Should I install PyCytoData?
In case you haven’t heard, PyCytoData provides a unified
framework for analyzing CyTOF data in python. The supported workflow includes File IO, preprocessing, and
dimension reduction and visualization via CytofDR. While we believe in the future of PyCytoData, we recognize
that many people prefer a leaner package without the baggage of an ecosystem. Thus, we kindly made PyCytoData
to only those who need it. In this tutorial, we walk you through whether you need to install PyCytoData
and help you make the best decisions.
Decision at a Glance
If you need a TLDR, we create a nifty flowchart for you to follow. At each step, ask yourself the question
and you will arrive at a conclusion. We want to emphasize that currently only the Cytomulate CLI strictly
requires PyCytoData because we don’t want to maintain two branches of the same IO code. For all other
workflows, you can judge the necessity of Cytomulate yourself.

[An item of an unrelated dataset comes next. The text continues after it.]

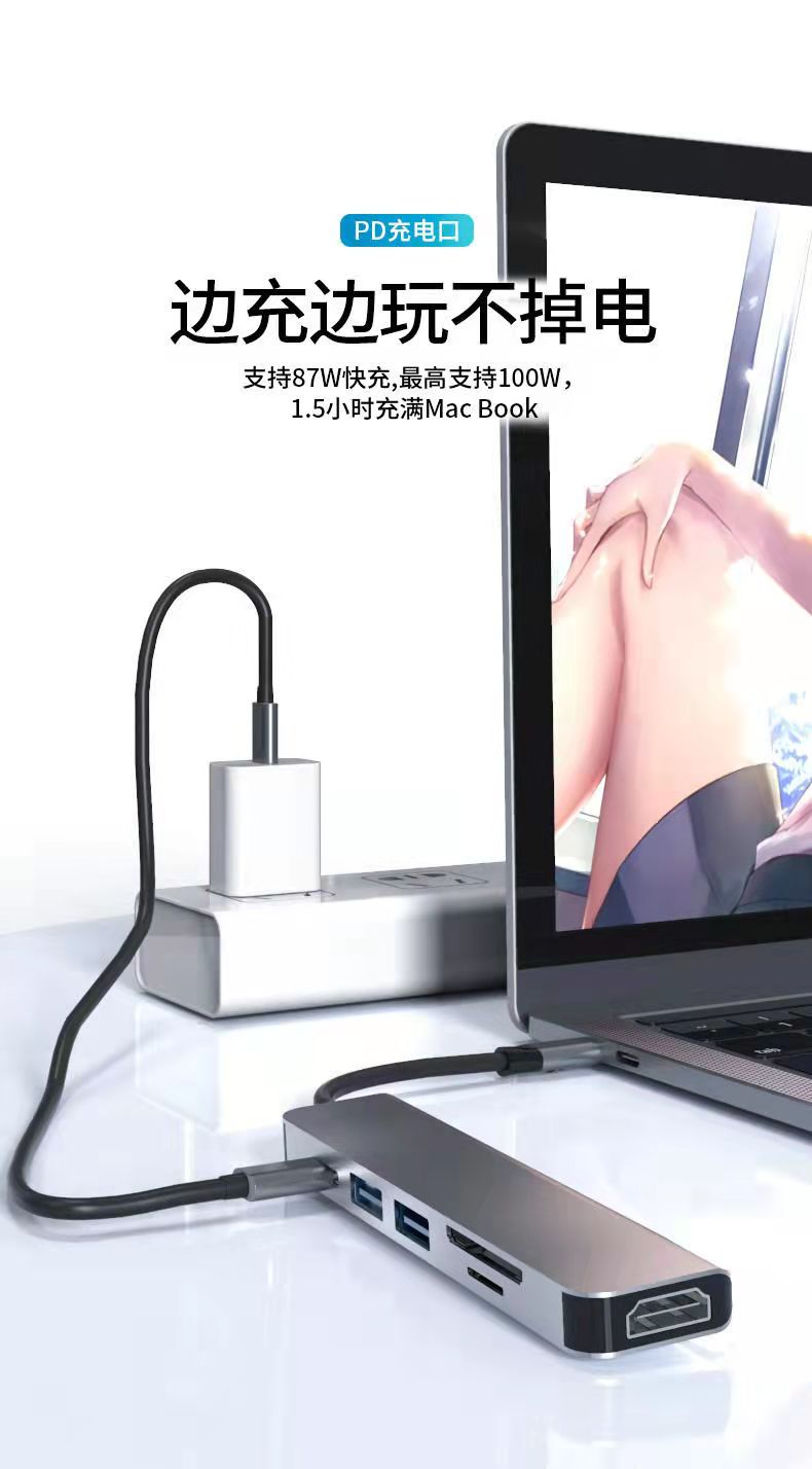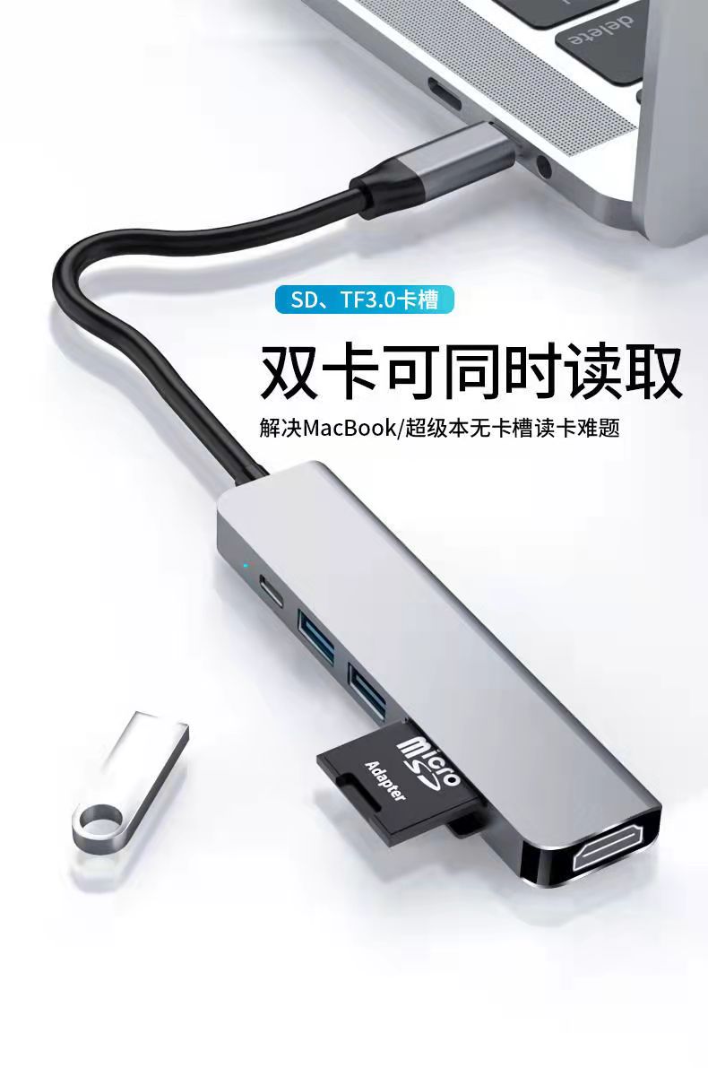 TypeC to HDMI docking station USB3 0 card reader mobile phone computer TypeC six-in-one projection line 4K HD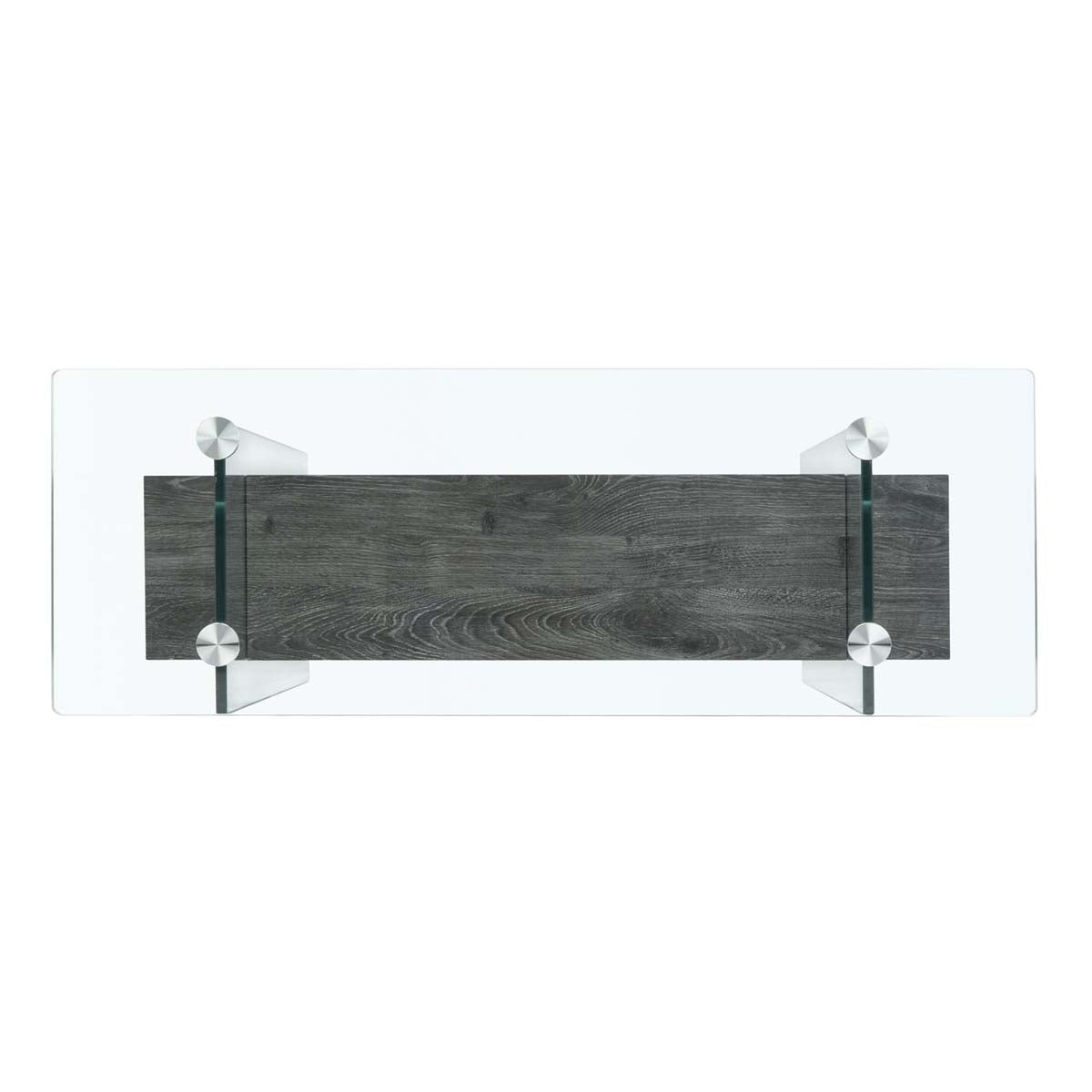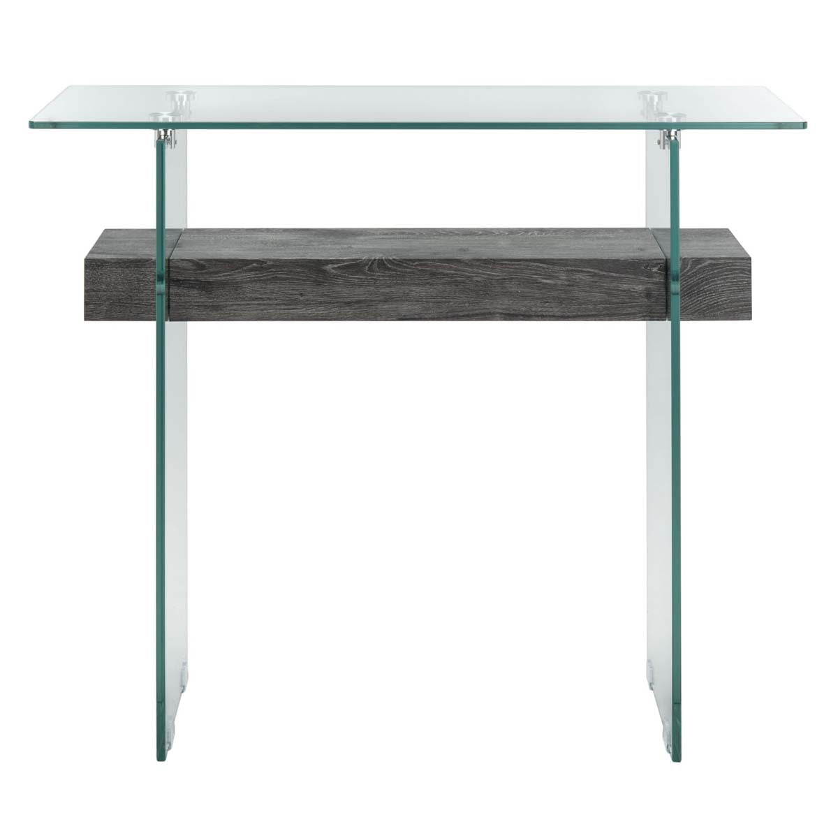 The epitome of elegance, this modern glass console table was inspired by treasures in London?? design museum. Ideal for the living room, hall, or foyer, its chic geometric lines were designed with a black oak finish and transparent glass.

How is PyCytoData optional?
Currently, we need PyCytoData for two functionalities:
The Cytomulate CLI
Outputting to a PyCytoData object
For the former, we require PyCytoData because we rely on its File IO operations so that we don’t have
reinvent a great module. For the latter, users have the option to use the sample_to_pycytodata method
or just the regular sample method. In the case that PyCytoData is not installed, user can have
NumPy arrays returned instead. As you may see, we do not rely on PyCytoData for the core model and
estimation procedures. PyCytoData is rather just a convenience feature for those who need it.
In terms of implementation, we check whether PyCytoData is importable at the beginning. If not, no
ImportError is raised until absolutely necessary. This means that unless users explicitly call
smaple_to_pycytodata without a proper installation, we do not complain! Of course, this implementation
has its downsides: namely, it can surprise those who are not aware of the optional dependency. We will
revisit this in the future.
What are added benefits of PyCytoData?
The main reason to use PyCytoData is its convenience. Specifically, it can handle batches, metadata,
and working with expression matrices easily. For those who want a wrapper around arrays, we believe that
PyCytoData is a good fit. Of course, let’s not forget the File IO capabilities and downstream integration
with CytofDR.
On the note of downstream analyses, PyCytoData is being actively developed. So, there will be some neat
features coming in the futrue when we add more tools and integrate more libraries.
Should I skip PyCytoData for CytofDR directly?
If you are asking this question, then YES! The CytofDR package provides a more complete set of
tools for benchmarking and performing DR in CyTOF. While PyCytoData can have workarounds to allow
these functionalities, we recommend using CytofDR directly. However, you are always welcomed to
install PyCytoData to manage other aspects of the CyTOF workflow.